• _Task instructions_:
Stop after the line that contains "Here's the click-through". Until then, retype each line of the entries exactly from the first one, skipping pictures.

[Collected data entries]

Content starts

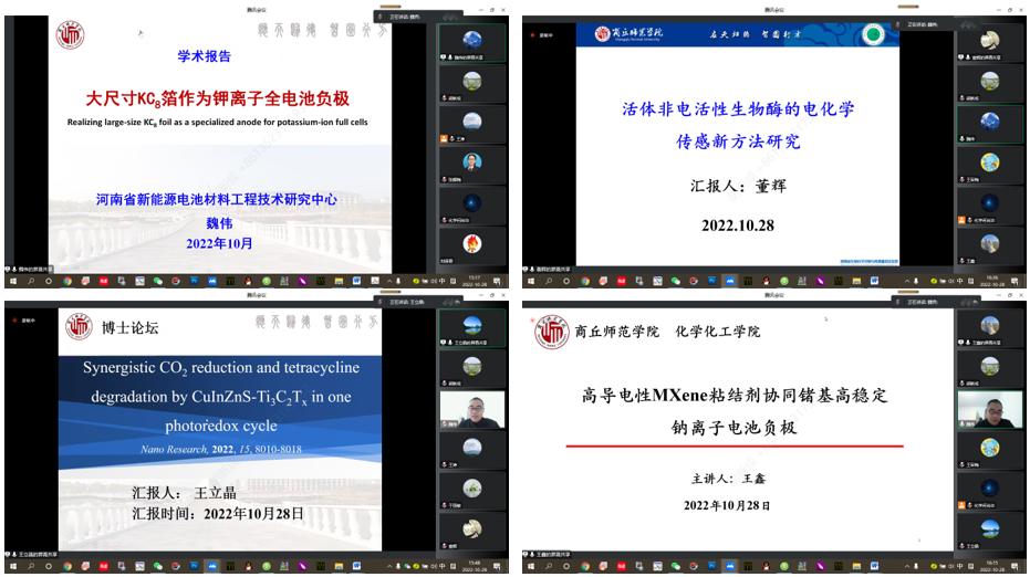 为加强各学科之间的交叉融合,开拓新的研究领域,激发科研灵感和创意,化学化工学院举办系列学术论坛。10月28日,由河南省新能源电池材料工程技术研究中心承办的第二期学术论坛采用线上方式进行,邀请化学化工学院魏伟、董辉、王立晶和王鑫四位博士作学术报告。报告会由化学化工学院副院长王涛、河南省新能源电池材料工程技术研究中心主任魏伟主持,化学化工学院全体教师、硕士研究生和部分本科生参加报告会。
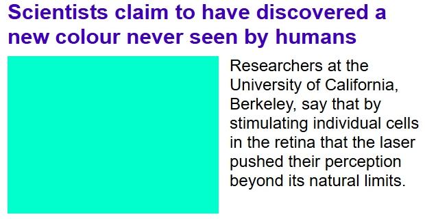 Here's the click-through enticement of recent 'discovery' for a supposedly hitherto unseen colour.
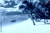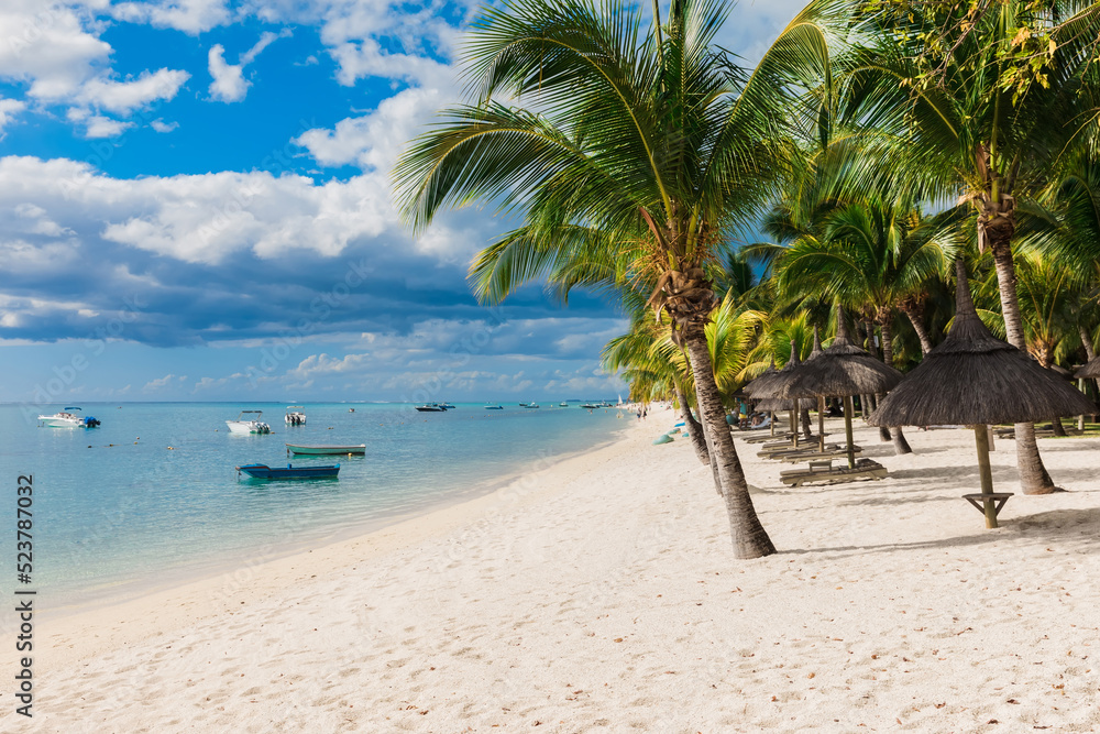 Beautiful view of tropical beach in Mauritius. Transparent ocean, beach, coconut palms and blue sky
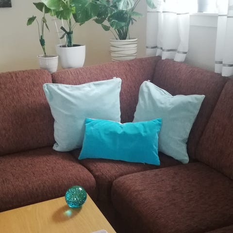 * 2 stk. myke puter i burgunder, 50x50cm, fra Kremmerhuset.
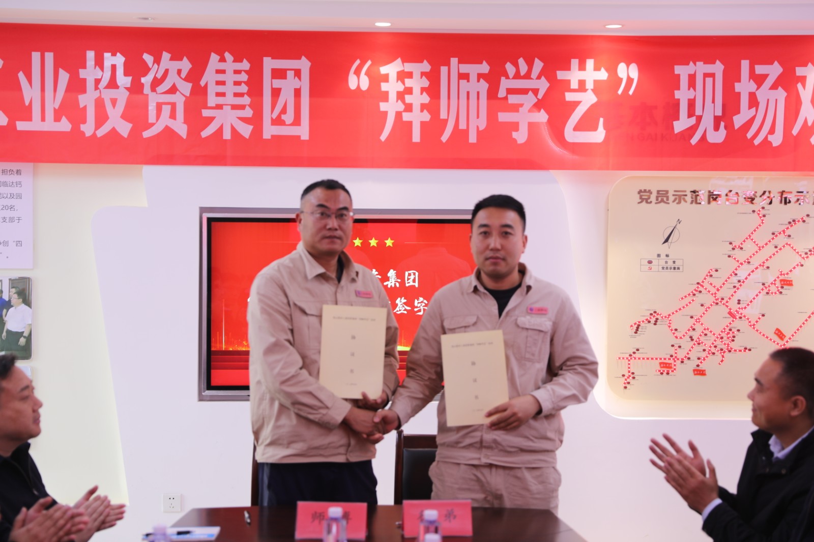 觀摩結(jié)束后,活動(dòng)進(jìn)入師徒代表交流環(huán)節(jié)。市勞模王建作為師傅代表率先發(fā)言,他結(jié)合自身帶徒經(jīng)歷,毫無保留地分享了培養(yǎng)新人的心得感悟。隨后,在全體與會(huì)人員的共同見證下,師徒雙方鄭重簽訂 "拜師學(xué)藝" 結(jié)對(duì)協(xié)議書,這一紙契約不僅是責(zé)任的傳遞,更是匠心的延續(xù)?;顒?dòng)現(xiàn)場還舉行了贈(zèng)書儀式,一本本凝聚著知識(shí)與經(jīng)驗(yàn)的書籍從師傅手中傳遞到徒弟手中,猶如一盞盞明燈,照亮了徒弟們的成長之路。
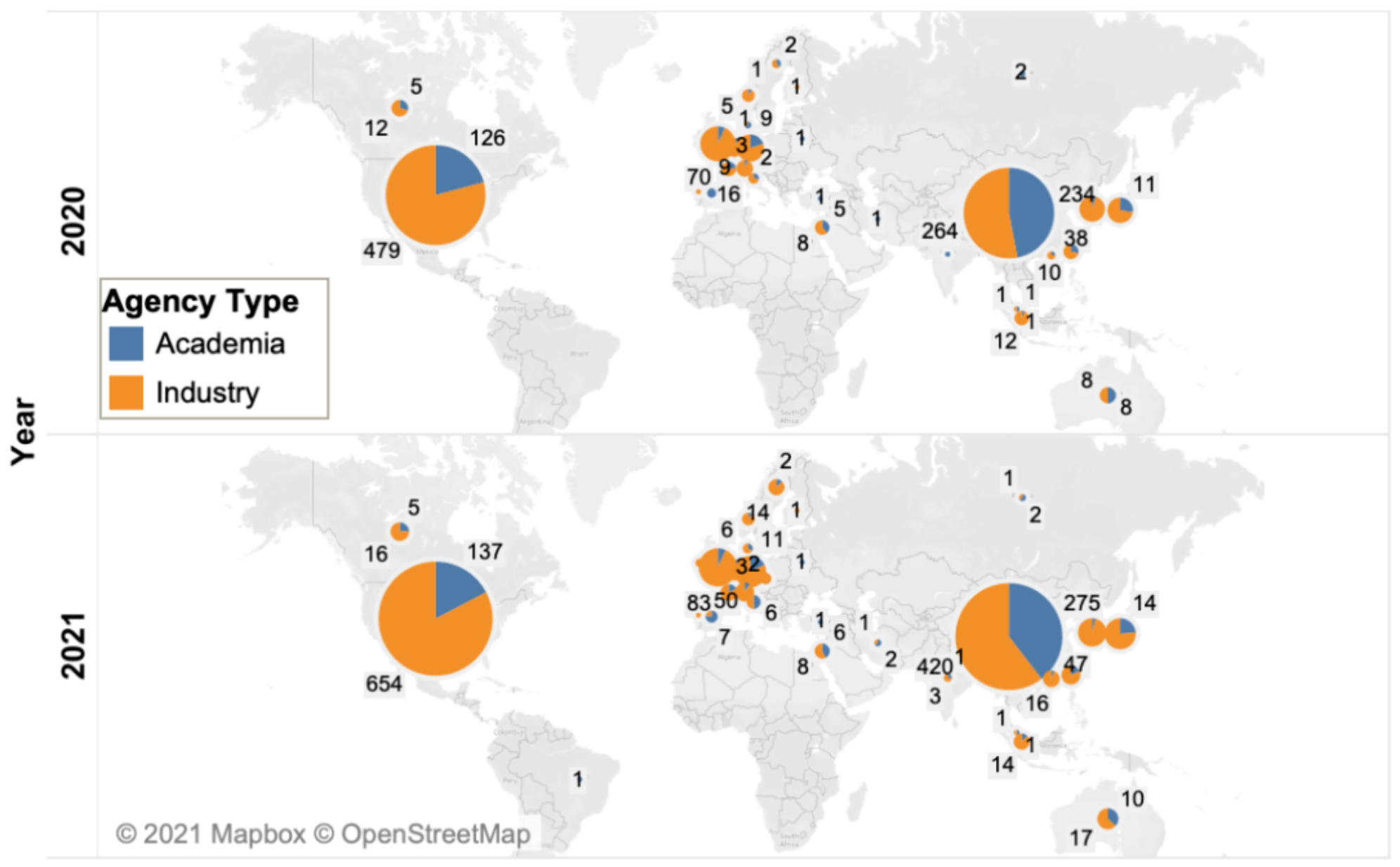 The distribution of cell therapy products from academic institutions and industry in China and the United States is basically the same as the previous year: most drugs in the United States (83%) are developed in industry, while in China, the proportion is more average, 60% in industry and 40% in academia.
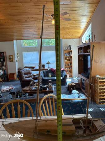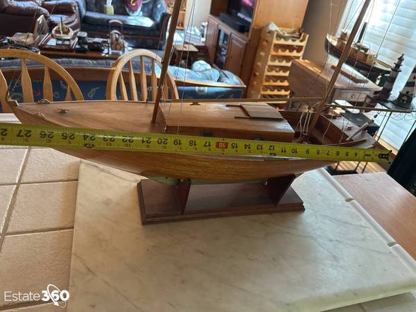 Vintage Wooden Model Sailboat, 17" Length x 28" Height x 9" beam/Width - $399. OBO
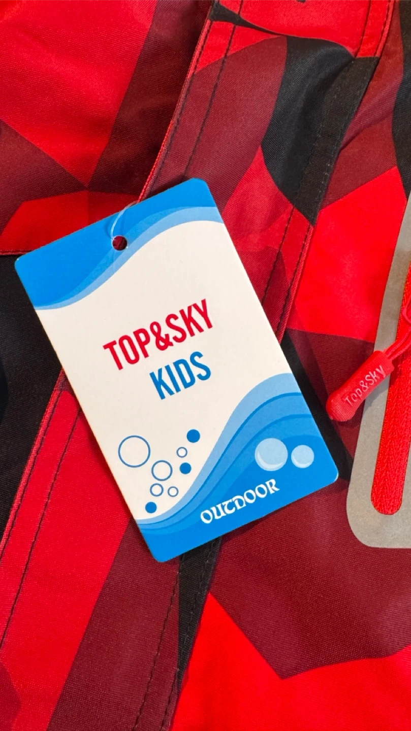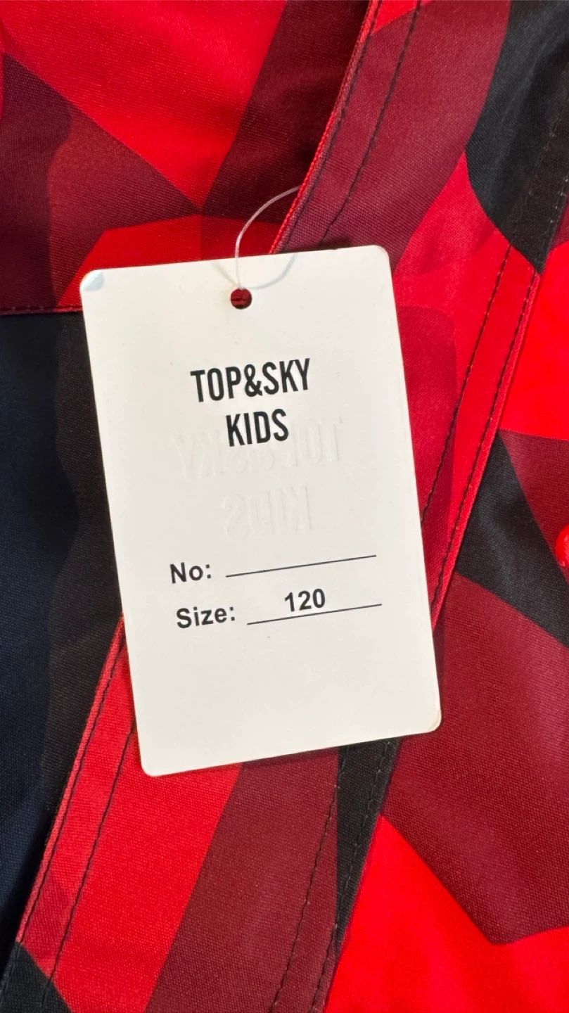 Brand new with tags, this Top&Sky Kids outdoor jacket is perfect for keeping your little one warm and dry! The jacket is a size 120 and features a stylish red and black pattern. Great for outdoor adventures!
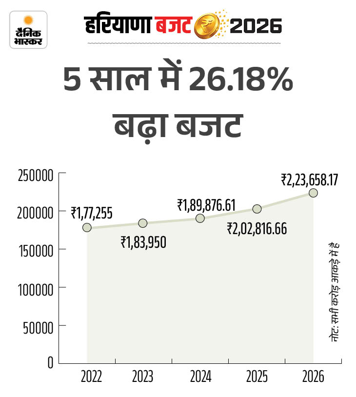 CM नायब सैनी ने कहा कि मैं वर्ष 2026-27 के लिए कुल ₹2,23,658.17 करोड़ का बजट प्रस्तावित करता हूं, जो वर्ष 2025-26 के संशोधित आंकड़े ₹2,02,816.66 करोड़ से 10.28% अधिक है।

Content ends

• _Answer to this task_:
 为加强各学科之间的交叉融合,开拓新的研究领域,激发科研灵感和创意,化学化工学院举办系列学术论坛。10月28日,由河南省新能源电池材料工程技术研究中心承办的第二期学术论坛采用线上方式进行,邀请化学化工学院魏伟、董辉、王立晶和王鑫四位博士作学术报告。报告会由化学化工学院副院长王涛、河南省新能源电池材料工程技术研究中心主任魏伟主持,化学化工学院全体教师、硕士研究生和部分本科生参加报告会。
 Here's the click-through enticement of recent 'discovery' for a supposedly hitherto unseen colour.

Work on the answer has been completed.